I am working on an algorithms problem, and I came up with a solution that I do not believe gives the optimal result, but I don't know how to go about showing it mathematically or coming up with a counter example. The problem is:
Suppose you have a $n \times m$ grid of tiles, where each tile is either a water tile (representing a lake) or a land tile. Suppose that this grid is entirely surrounded by the ocean. A water tile is connected to another water tile if it is adjacent to it, but diagonal "adjacency" do not qualify as connected, e.g., if there's a water tile at (1,1) and another at (2,2), these 2 are not considered to be connected. A lake is defined as one or more adjacently connected water tiles. In one step, you can convert any land tile to a water tile. What is the minimum number of steps to connect all lakes to the ocean? Note that there could be water tiles in the grid initially that are already connected to the ocean, e.g., any coordinate $(i,j )$ (assume 0-based) where $i \in \{0, n - 1\}$ or $j \in \{0, m - 1\}$ that are a water tile are connected to the ocean, or any water tile that has a path to the border.
The idea that I have is you repeatedly find the lake that is closest to the ocean. If there are multiple lakes with the same minimal distance to the ocean, randomly choose one. Connect that lake to the ocean using the path that requires the least number of steps. If there are multiple paths that require the same minimum number of steps, randomly choose one. And then find the next lake that is closest to the ocean with the addition that the previously connected lake is part of the ocean now.
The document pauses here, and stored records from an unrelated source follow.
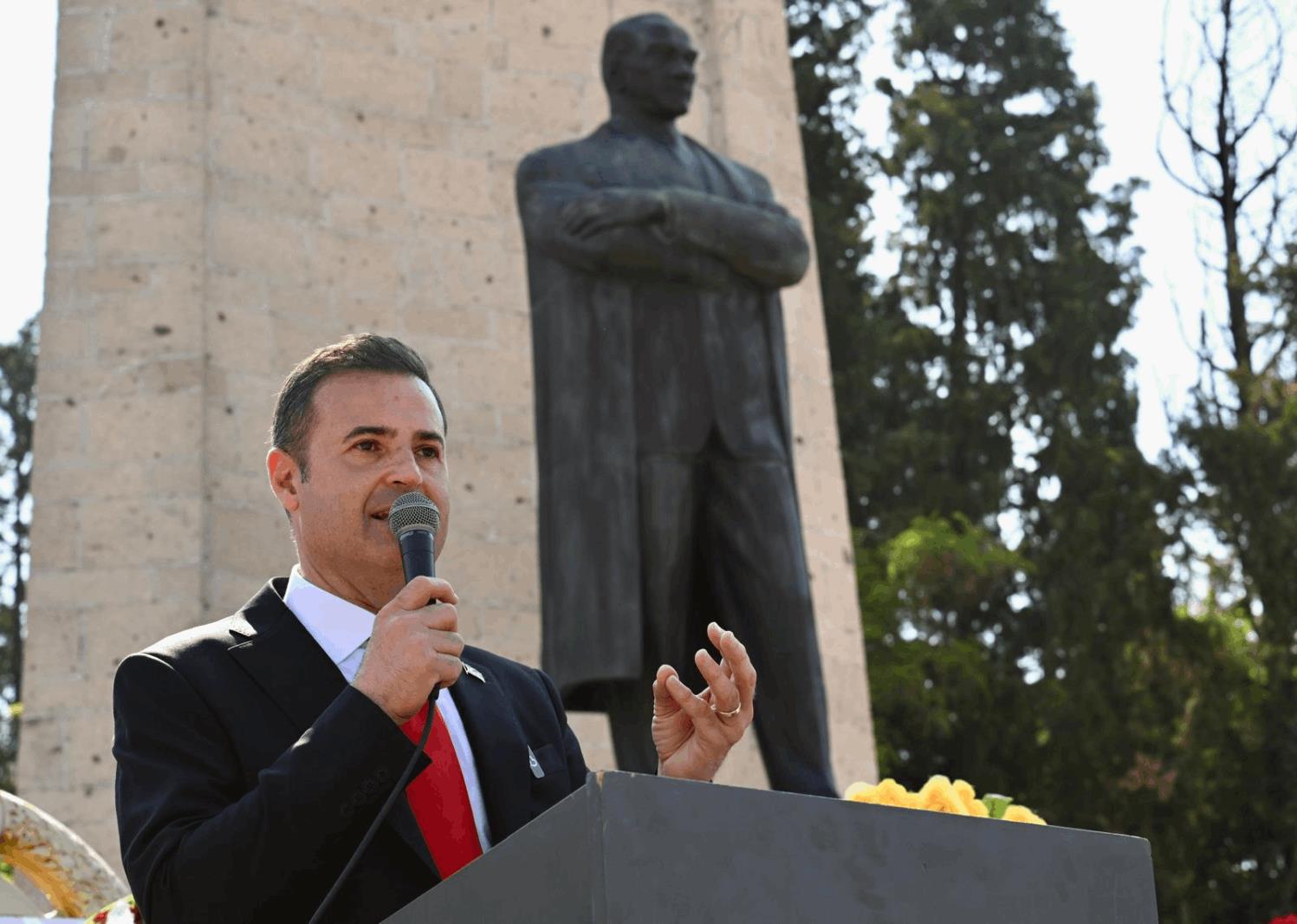 Törende konuşma yapan Balıkesir Büyükşehir Belediye Başkanı Ahmet Akın, “Atatürk’ü anmayı unutmamamız gerekiyor. Onun bize emanet ettiği Cumhuriyet’i daha yukarıya taşımak için el birliğiyle çok çalışmamız gerekiyor. Çünkü bizler Kuvayımilliyeciyiz. Kuvayımilliye demek Mustafa Kemal Atatürk demektir. Bu toprakları bize vatan yapan Ulu Önder Gazi Mustafa Kemal Atatürk başta olmak üzere onun yolundan giden ve toprakları bizlere vatan yapmak için mücadele eden gazilerimizle, can veren şehitlerimizin önünde saygıyla eğiliyorum. Atatürk’ü anmak ve anlamak hepimizin boynunun borcu. Onun için ‘Benim ümidim gençliktedir’ diyen Ulu Önderimiz Gazi Mustafa Kemal Atatürk’ün izinde giden gençlerimiz en büyük emanetçilerimiz. Bize emanet edilen Cumhuriyet’te gençlere emanet. Çünkü emanet kutsaldır.” diye konuştu.
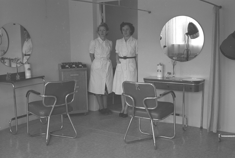 Text till bilden: "Damfrisering. Brastad. Best. av Anton Lindblad, Östergatan 4 Malmö. 1949.11.01"
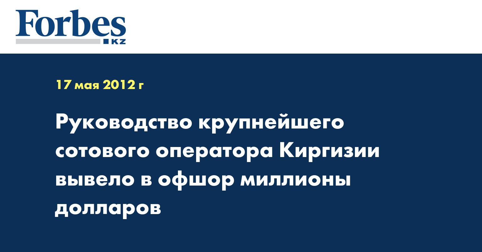 Временное руководство крупнейшего сотового оператора Киргизии ЗАО «Альфа Телеком» (торговый бренд MegaCom) вывело в офшорные зоны миллионы долларов с помощью китайской компании. Об этом заявил в среду во время заседания парламента республики председатель антикоррупционной службы госкомитета нацбезопасности (АКС ГКНБ) Киргизии Бектен Сыдыгалиев, прередает ИА Новости-Казахстан.
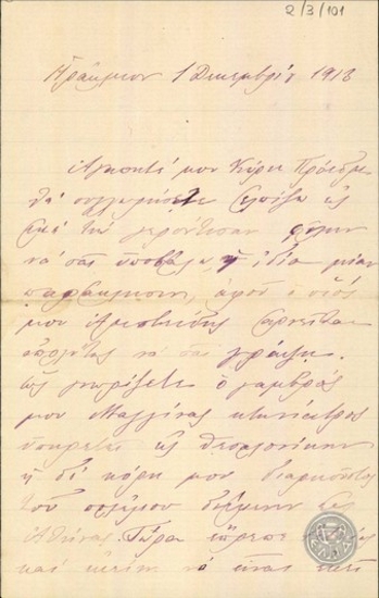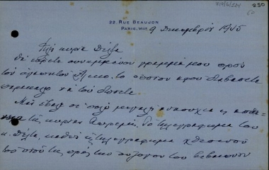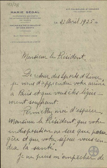 Επιστολή της M. Segal Gattegno προς τον Ε. Βενιζέλο με την οποία εκφράζει την ανησυχία της για την υγεία του και του εύχεται γρήγορα περαστικά.
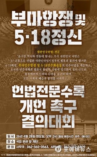 이날 국민결의대회는 5·18정신헌법전문수록국민추진위원회, 부마민주항쟁헌법전문수록범시민추진위원회, 시민주도헌법개정전국네트워크 등 3개 단체가 공동 주최·주관한다.
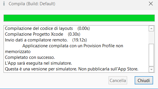 Questa è una versione per simulatore. Non pubblicarla sull'App Store.
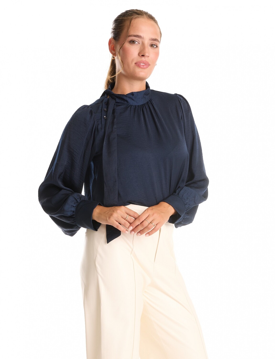Cuello alto con botones en lateral derecho y lazo para anudar.
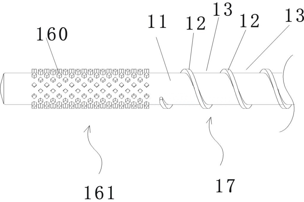 在其中加料段的竖向部位挨近料筒后端入料料仓,且加料段的螺槽深层维持不会改变。而缩小段的竖向部位紧邻加料段并坐落于加料段的正前方,且缩小段的螺槽深层由后到前慢慢缩小,缩小段最终端螺槽深层相当于加料段的螺槽深层,缩小段最前端开发的螺槽深层相当于匀化段的螺槽深层。混炼段和匀化段坐落于缩小段的正前方,混炼段的表层产生有多条凸起的混炼螺母。
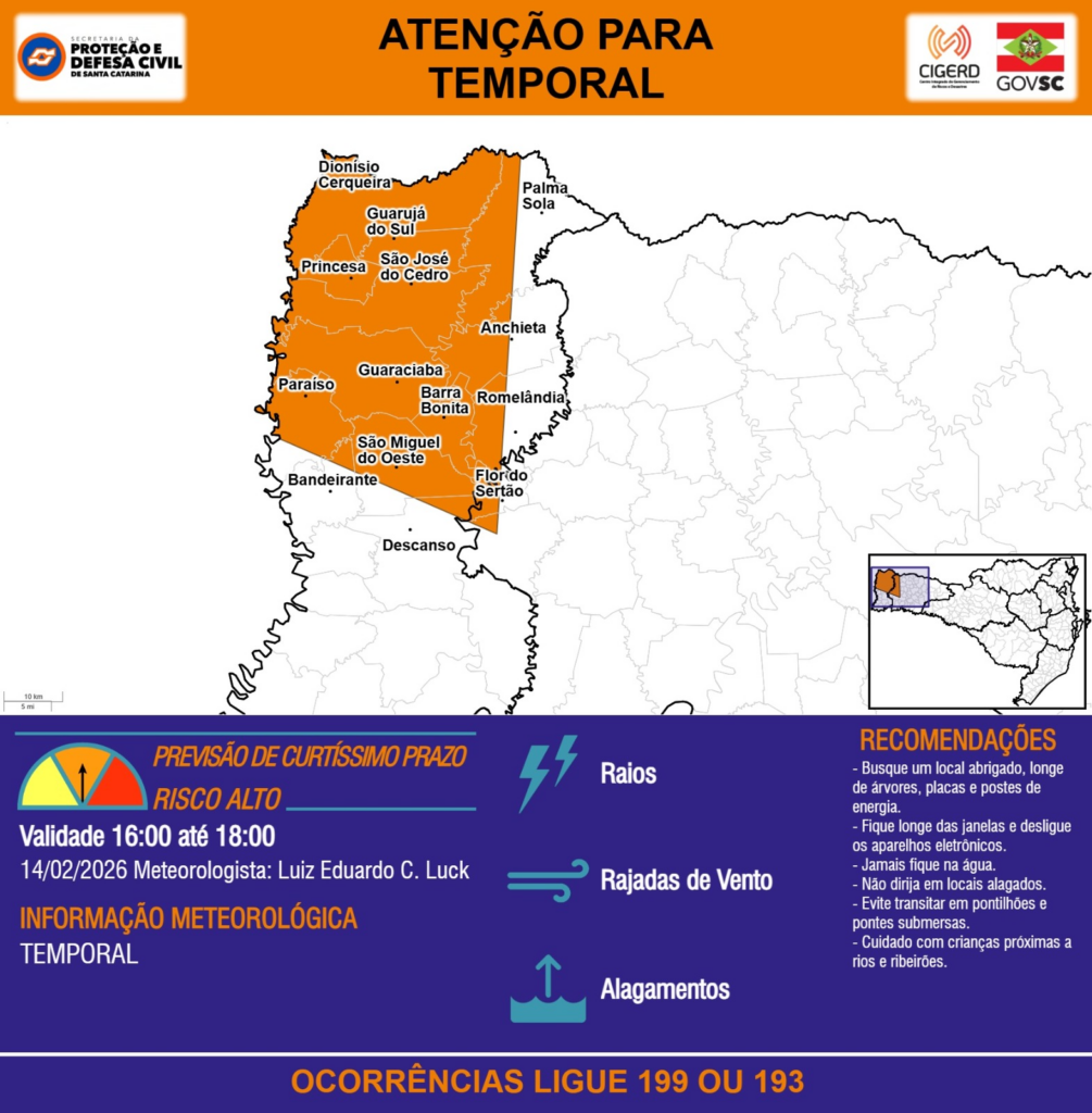 ATENÇÃO – 14/02 16:00 – TEMPORAL com RAIOS, RAJADAS DE VENTO e ALAGAMENTOS para os municípios de Anchieta, Bandeirante, Barra Bonita, Descanso, Dionísio Cerqueira, Flor do Sertão, Guaraciaba, Guarujá do Sul, Palma Sola, Paraíso, Princesa, Romelândia, São José do Cedro, São Miguel do Oeste nas próximas 2 horas. Ocorrências ligue 199 ou 193.
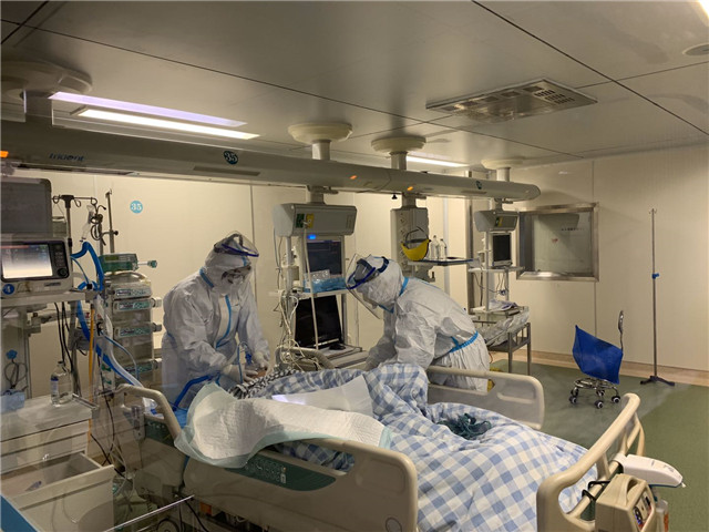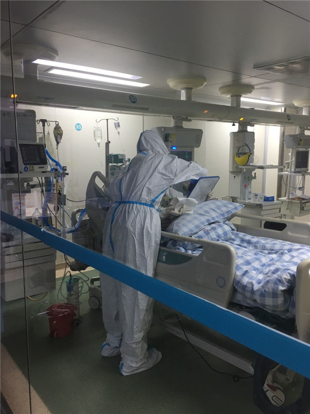 2月13日,重症医学科收治了一名疑似新型冠状病毒感染的肺炎患者,患者 1月26日与家属坐私家车回宾阳县家庭聚餐,2月10日入住我院肿瘤二区,2月11日出现发热、乏力、呼吸困难等症状,肺部CT显示磨玻璃样改变。科室通知医务部后,医院立即启动院内防疫专家组会诊,高度疑似新型冠状病毒肺炎,由于患者目前病情危重,不宜转入市级定点救治医院治疗,需要立即转入重症医学科二区负压隔离病房进行抢救。 疫情就是命令,防控就是责任。科主任第一时间统筹安排,制定方案,部署落实。患者转入后升级个人防护,穿戴隔离衣,护目镜及一次性面屏,立即进行气管插管,呼吸机辅助通气等抢救,在重症医学科医护人员精心治疗护理下,患者生命征相对平稳,经连续两次病毒核酸检测均呈阴性,2月14日患者解除了隔离病例有关工作程序。
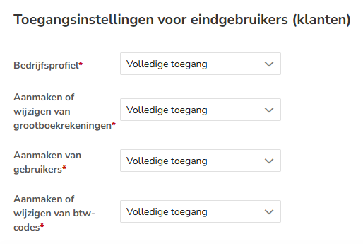 Alleen een gebruiker met de rol 'Portaalbeheerder' kan de instellingen voor de toegang van eindgebruikers (klanten) wijzigen.
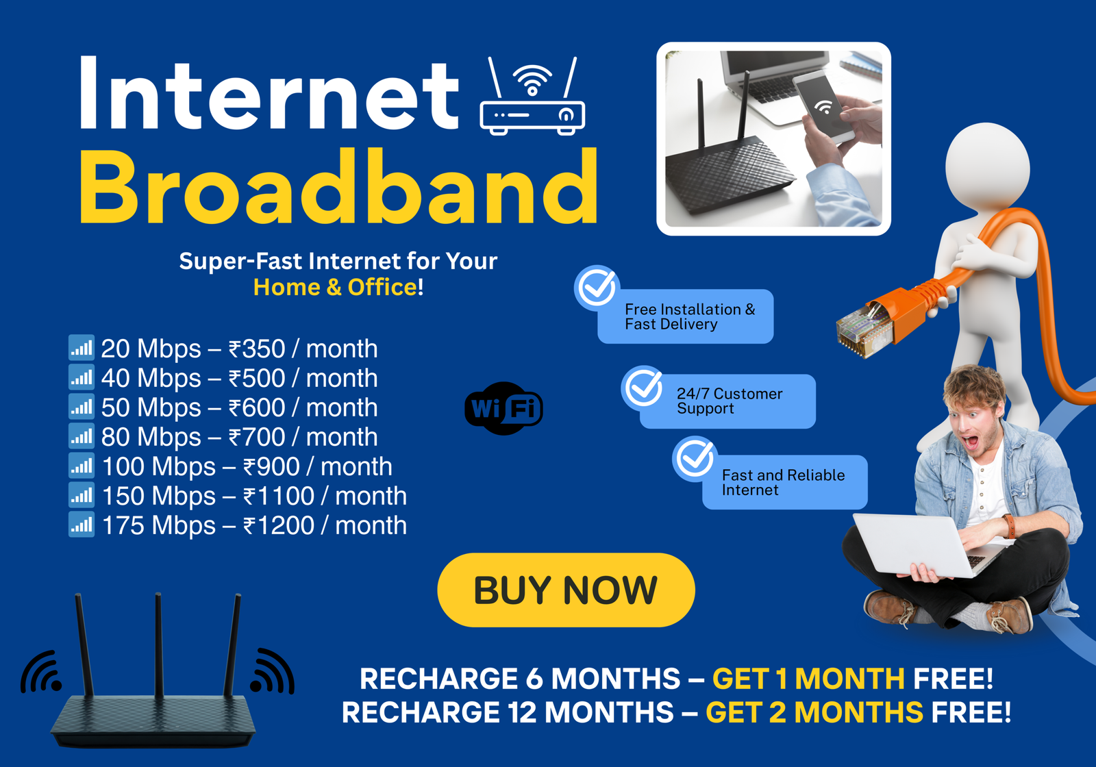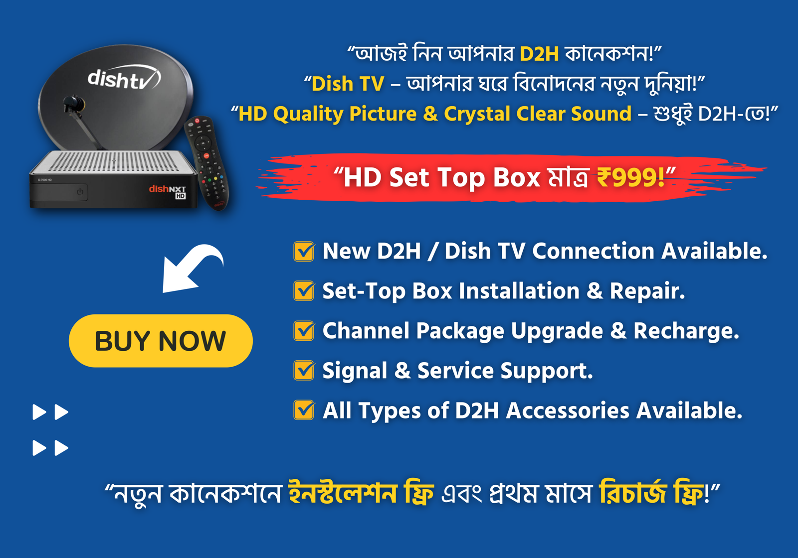 আমরা Cable TV, DTH, Broadband Internet, CCTV Camera, Smart TV Sales/Service এবং 5G Router Internet সার্ভিস প্রদান করি।
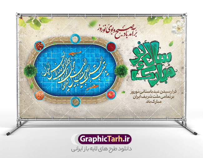 فایل بنر عید نوروز با تایپوگرافی سال نو مبارک و هفت سین psd و حوض ماهی
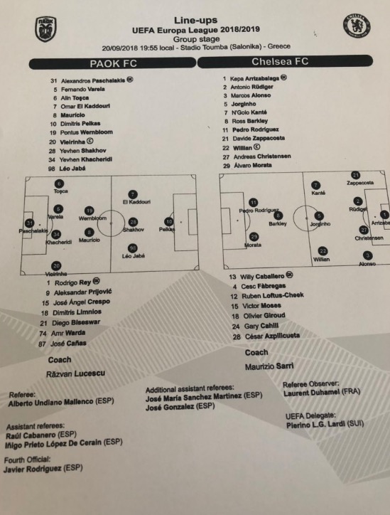大赢家9月20日讯 北京时间0:55分,塞萨洛尼基对阵切尔西的欧联比赛即将开始,首发名单已经公布。

So you do this recursively until you are left with no lakes. The underlying assumption it is optimal for each lake (after already connecting the closer lakes to the ocean) to be connected to the closest ocean.
Here's an example below. I couldn't get the format to align properly on SE, so I'm pasting a picture from my text editor. This is a $7 \times 8$ grid where $L$ means land and $W$ means water. There are 3 lakes. One with the coordinates $\{(5, 0), (5, 1), (5, 2)\}$. One with the coordinates $\{(3, 3), (4, 3)\}$. The last one with coordinates $\{(2,5)\}$. Note that the water tiles at $(3,6), (3, 7)$ are already connected to the ocean initially.
I don't think my idea is optimal for a few reasons: (1) I don't think I can just randomly choose a lake if there are multiple lakes of the same minimal distance from the ocean. (2) For the lake with the minimum distance to the ocean, there could be multiple ways to connect it to the ocean for the same exact cost, and here, I choose the path randomly, which I don't think should be allowed. (3) Although, I can't think of a quick example right now, but I think there might be a situation where it's not optimal to connect a lake to the closest ocean.
After some more thinking, I can come up with a simple example to show (2).
My approach definitely doesn't work, but I'll leave it here for now. If anyone has any ideas, please share.


At first I thought this was the minimum spanning tree (MST) problem on a grid graph. The greedy algorithm for that is indeed optimal, and you can break ties arbitrarily.
After the comment by @user144527, I realized that it is not MST but instead is the minimum node-weighted Steiner tree problem, which is very difficult. Searching for this phrase should yield an instance for which your greedy algorithm fails to find an optimal solution.